Помню, я сразу же, по наитию свыше, рухнул коленями на мокрую землю и воздел руки к небу:
– Господи, спаси мою мамочку!
Минут через пятнадцать выяснилось, что жена одного из инженеров – искусный хирург, что она привезла с собой инструменты, лекарства. Фамилия ее была Свердлова, но к первому председателю ВЦИК она отношения не имела. В барачных, воинствующе антисанитарных условиях она сделала сложнейшую операцию. И мама прожила еще тридцать семь лет. А я с того дня, с первого ноября сорок первого года, стал верить в Бога. Он услышал меня… Могу ли я сомневаться?..
Дня через три меня вызвал парторг той гигантской оборонной стройки по фамилии Голынский, который, хоть и представлял «большевистскую партию», но человеком оказался хорошим. Как было, так было…
– Начальник сказал мне, что ты печатаешься. Где?
– В «Комсомольской правде». И в «Пионерской»…
– Так вот. Сегодня пятница, а со вторника по приказу верховного главнокомандующего (стройка-то считалась военным объектом!) у нас начнет выходить газета «Крепость обороны». Ежедневная! На правах фронтовой… Ты станешь ответственным секретарем. Приступай прямо сейчас!
И я приступил.
Возвращаясь в предрассветные часы из типографии, я неизменно видел возле барака маму. Она ждала… А еще она, работавшая часов по четырнадцать, находила время днем забежать в редакцию и прочитать газетные полосы – вдруг проскочила опечатка: корректоры предусмотрены не были. Она проверяла типографские оттиски, как мои домашние сочинения в довоенную пору.
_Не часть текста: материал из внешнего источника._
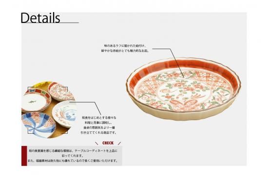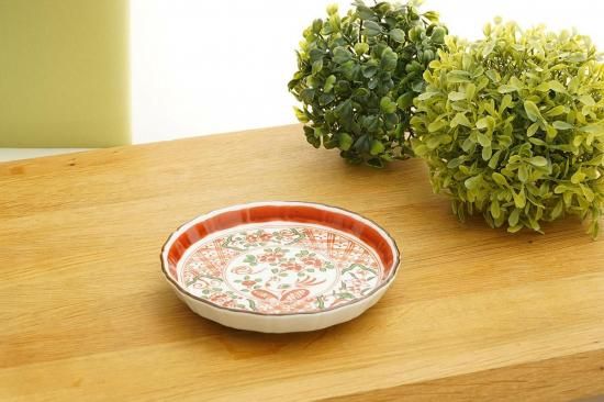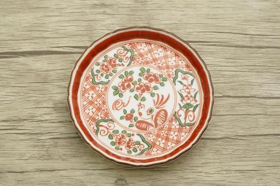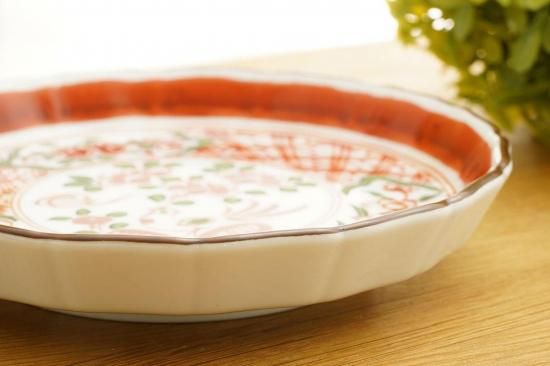 味のあるラフに描かれた絵付け、鮮やかな赤絵がとても魅力的なお皿は、使うほどに心を奪われる美しさを放ちます。

У меня был секретный «свод военных тайн»: о чем можно писать, а о чем под страхом смерти нельзя. Одна ошибка, один просчет – и НКВД, трибунал (стройка-то была сверхсекретная!). Тот «свод» я и маме ни разу не показал. А ошибку допустил лишь однажды…
К нам любили наезжать знаменитые мастера искусств: в виде гонорара им выдавали скромный, но все же продуктовый паек. Концерты начинались после полуночи (до того часа люди работали).
Помню, был объявлен концерт прославленного чтеца Всеволода Аксенова. К тому же красавца и мужа Елены Гоголевой.
Он должен был читать лирику русских классиков. Я несколько ночей до того не спал – и наслаждаться даже классиками не было сил. Поскольку ни в Аксенове, ни тем более в классиках сомнений у меня не было, я заранее написал, что «великие стихи вдохновили строителей на новые подвиги». Заверстал ту заметку в номер и отправился спать. Утром мне позвонил Голынский.
– Ну, как великие стихи вдохновили?
– Замечательно! – заверил я.
– Не могли они вдохновить. Потому что концерт не состоялся… Пути замело – и артист не приехал.
– Но это, по-моему… уж не такая большая ошибка, – промямлил я.
– Запомни, – чересчур внятно произнес он, – маленькая ложка дегтя и большая ложка одинаково отравляют бочку меда. Из-за этого «небольшого» вранья не поверят и во все значительное, о чем написано в номере: в страдания, в подвиги. Договоримся: это – первая ошибка, но и последняя!
– Я обещаю.
Больше ошибок не было. Маме я о той истории не рассказал.
Я видел: матери, которые подчас сутками вкалывали в цехах, где, по медицинским законам мирного времени, можно было находиться не более четырех или пяти часов, отдавали детям все, что полагалось «за вредность производства». И дети выпивали молоко, съедали хлеб, намазанный слоем масла, который был не толще папиросной бумаги и сквозь который просвечивали хлебные поры, кидали в стакан последний кусок сахара… Сейчас я думаю, что мы порой чересчур уж бездумно принимаем жертвы матерей своих. Принимая их, мы обязаны всякий раз задать себе вопрос: «Не отдает ли нам мать последнее? Не отдает ли то, без чего не может выжить на земле человек?»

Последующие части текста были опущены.